*** Opening Provided data ***
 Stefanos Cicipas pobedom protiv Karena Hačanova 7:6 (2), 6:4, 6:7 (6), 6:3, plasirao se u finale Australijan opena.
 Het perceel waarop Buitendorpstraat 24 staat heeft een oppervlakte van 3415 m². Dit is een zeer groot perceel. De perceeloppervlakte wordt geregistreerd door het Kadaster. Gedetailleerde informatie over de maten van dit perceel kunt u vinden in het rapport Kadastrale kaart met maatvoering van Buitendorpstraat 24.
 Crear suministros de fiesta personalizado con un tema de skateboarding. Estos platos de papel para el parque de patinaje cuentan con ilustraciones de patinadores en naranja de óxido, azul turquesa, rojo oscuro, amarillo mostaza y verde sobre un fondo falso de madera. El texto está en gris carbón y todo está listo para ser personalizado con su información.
*** Closing Provided data ***
*** Opening Provided data ***
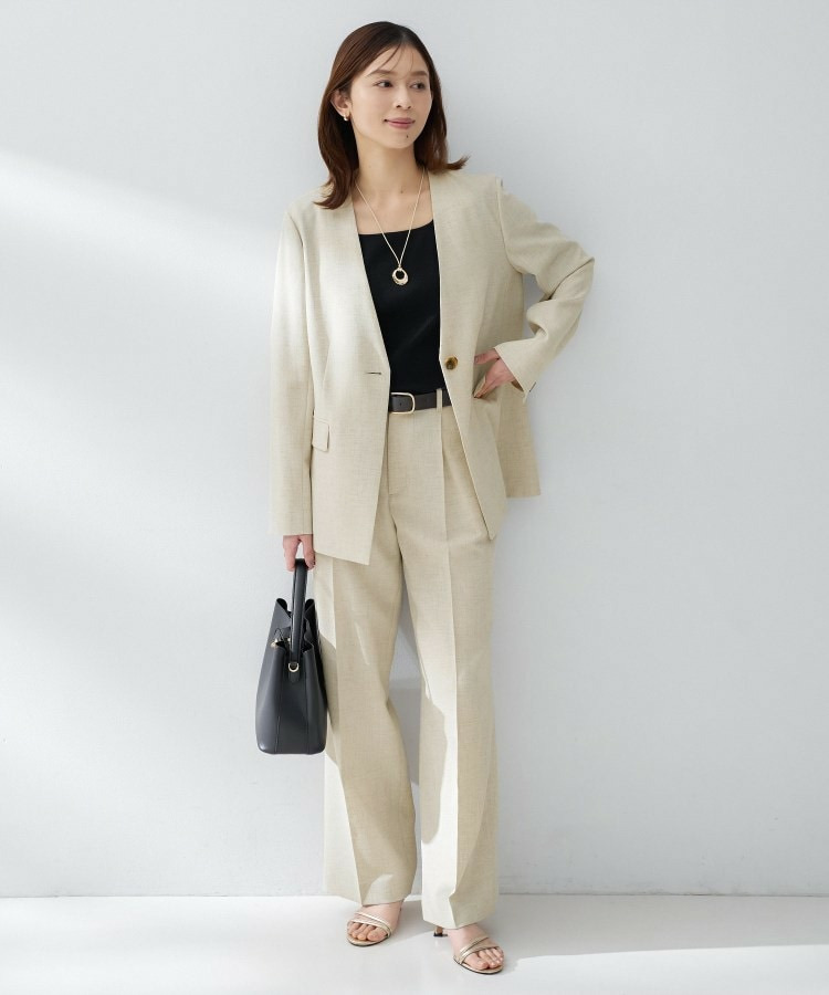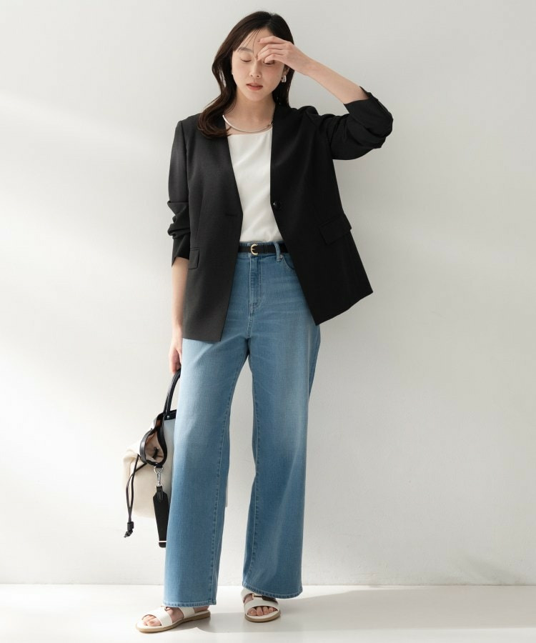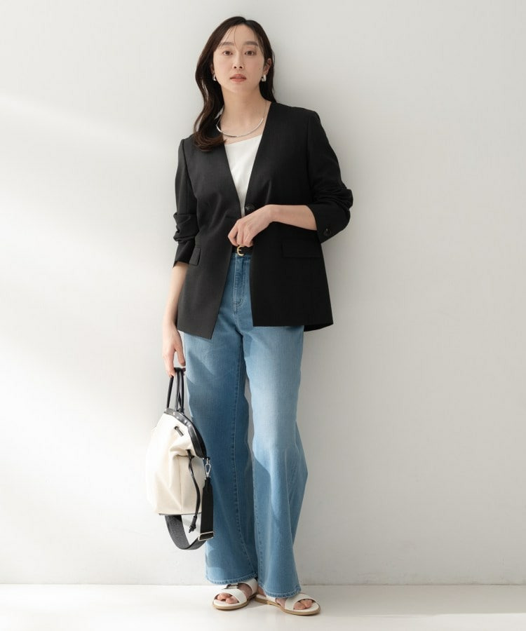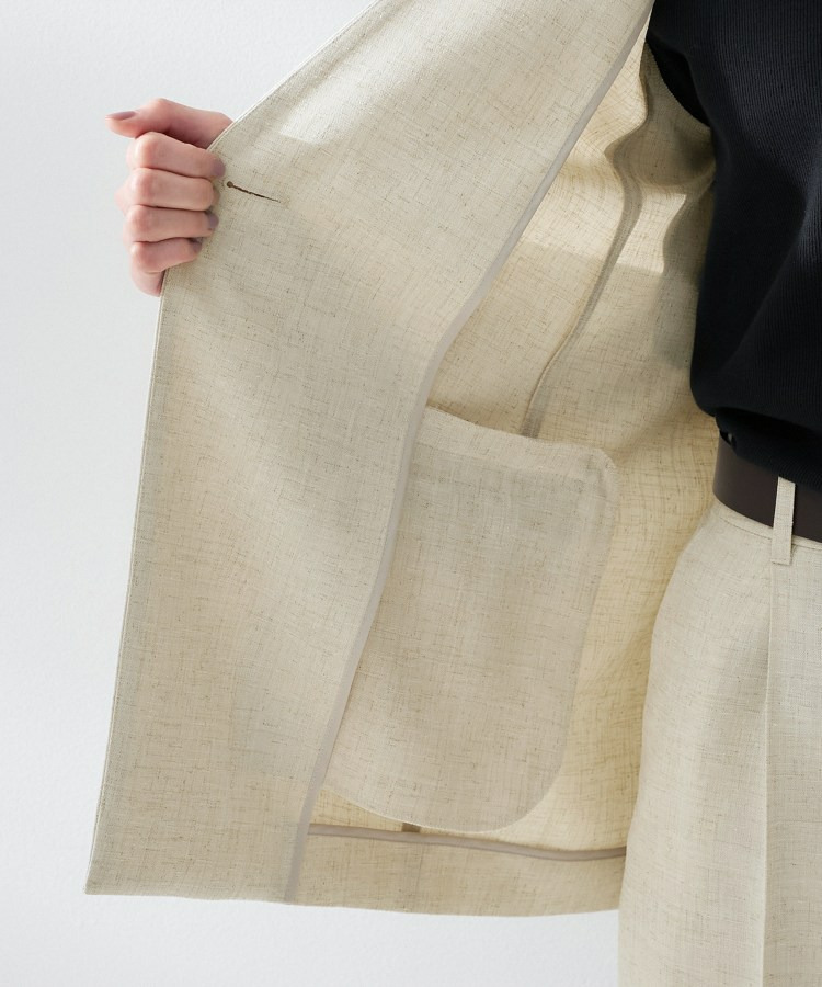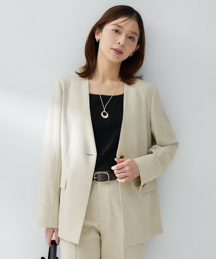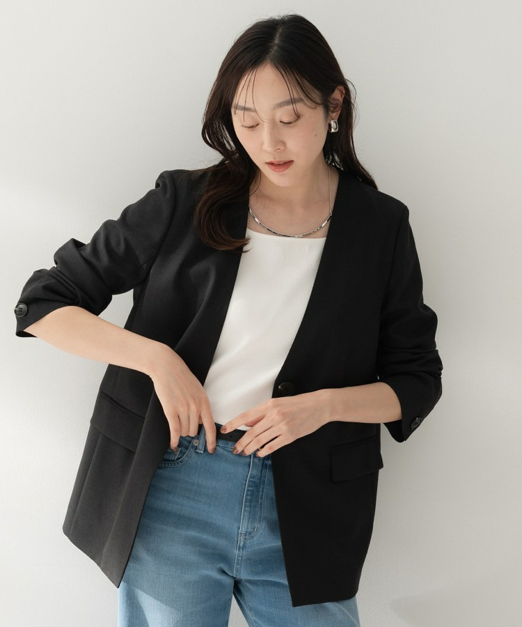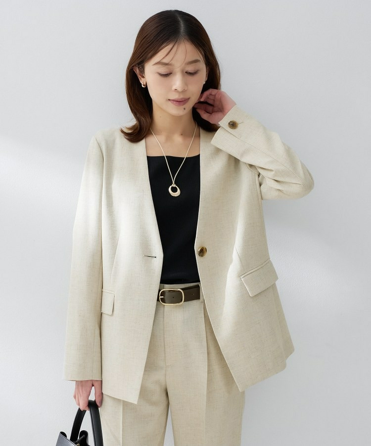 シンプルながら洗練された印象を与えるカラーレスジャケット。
*** Closing Provided data ***
Above are the records; print exactly the lines from the line with "Stefanos Cicipas pobedom" to the line with "Crear suministros de", including both, and nothing else.

# Written response
 Stefanos Cicipas pobedom protiv Karena Hačanova 7:6 (2), 6:4, 6:7 (6), 6:3, plasirao se u finale Australijan opena.
 Het perceel waarop Buitendorpstraat 24 staat heeft een oppervlakte van 3415 m². Dit is een zeer groot perceel. De perceeloppervlakte wordt geregistreerd door het Kadaster. Gedetailleerde informatie over de maten van dit perceel kunt u vinden in het rapport Kadastrale kaart met maatvoering van Buitendorpstraat 24.
 Crear suministros de fiesta personalizado con un tema de skateboarding. Estos platos de papel para el parque de patinaje cuentan con ilustraciones de patinadores en naranja de óxido, azul turquesa, rojo oscuro, amarillo mostaza y verde sobre un fondo falso de madera. El texto está en gris carbón y todo está listo para ser personalizado con su información.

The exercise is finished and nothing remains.